Are LLMs going to be replaced with something that's truly intelligent?

Question

Transformer models are great at text works, but I'm afraid we've reached a local maximum in terms of AI intelligence. Yann LeCun thinks in 5 years, we won't be using these models anymore. I wonder what alternative models are proposed in the literature? What other ways have we come up with to create something that is intelligent?

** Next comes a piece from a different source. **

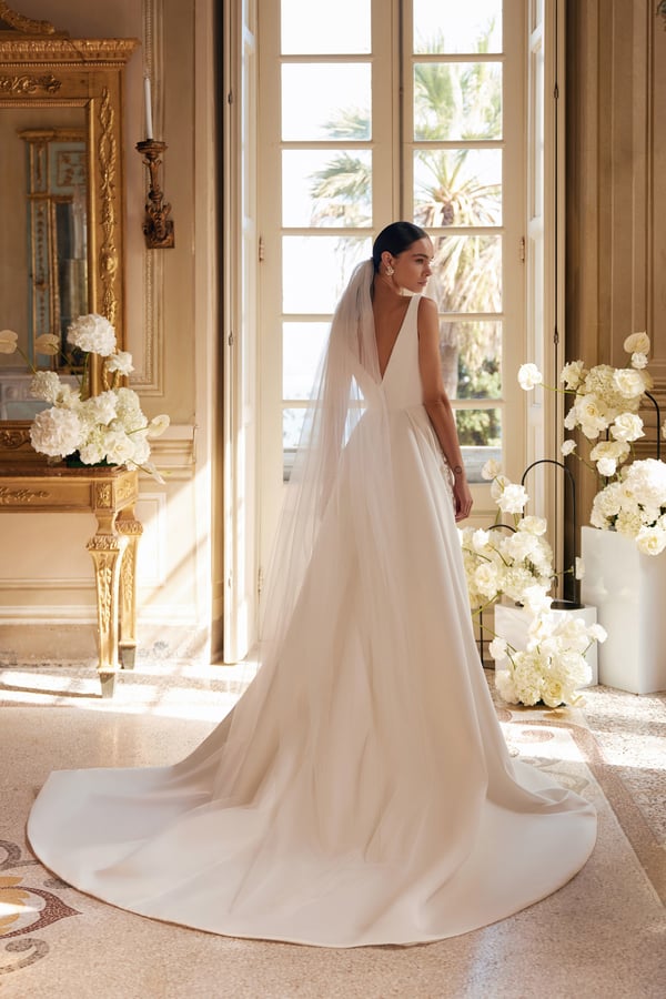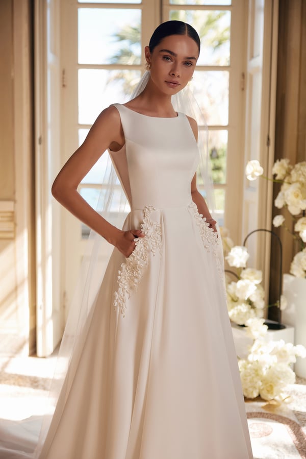 The Zara A-line dress is worthy of a luxurious royal wedding. It is made of satin and features a boat neckline, transparent inserts on the sides, and an open back. For the bride's convenience, the designer created pockets adorned with voluminous handmade satin flowers. The look is completed with a classic long veil.

brucethemoose2 · Accepted Answer

Multimodal/multimedia transformers models have lots of juice left in them.
- The output can be much better with better input (multiple text blocks, images, video, sound and such).
- The collective training dataset is much better with labeled/associated video, audio, static images and text.
- I suspect previous models can be used to augment human datasets without too much risk of "AI inbreeding." For example, imagine asking an LLM to reword a text page, or a image model generate a variant of an image. Now picture this in a multimedia dataset, with (for instance) a model more accurately labeling video, or producing image variations with associated audio/text as inputs.

WheelsAtLarge · Answer

Not any time soon. They way I see it there's no defined path to get to an intelligent AGI. We just don't have the know-how right now. Eventually we might be able to do it since human intelligence evolved from nothing so there's got to be a way to do it artificially.There is the very minute possibility of emergence, that is the idea that if we unite multiple simple random systems they can create an intelligent system. Given how fast computer systems have become then there might be something there. But that's more like wishful thinking than not.

version_five · Answer

It will be something other than deep learning that brings us "intelligence". We've seen various jumps in the performance of neural network models, followed by lots of steady progress, and I expect llms will get better and better (in various senses) as research and engineering continues. But we've probably already seen the gist of what they can do, just like AlexNet or whatever isn't fundamentally different than current SoTA CV models, just less performant.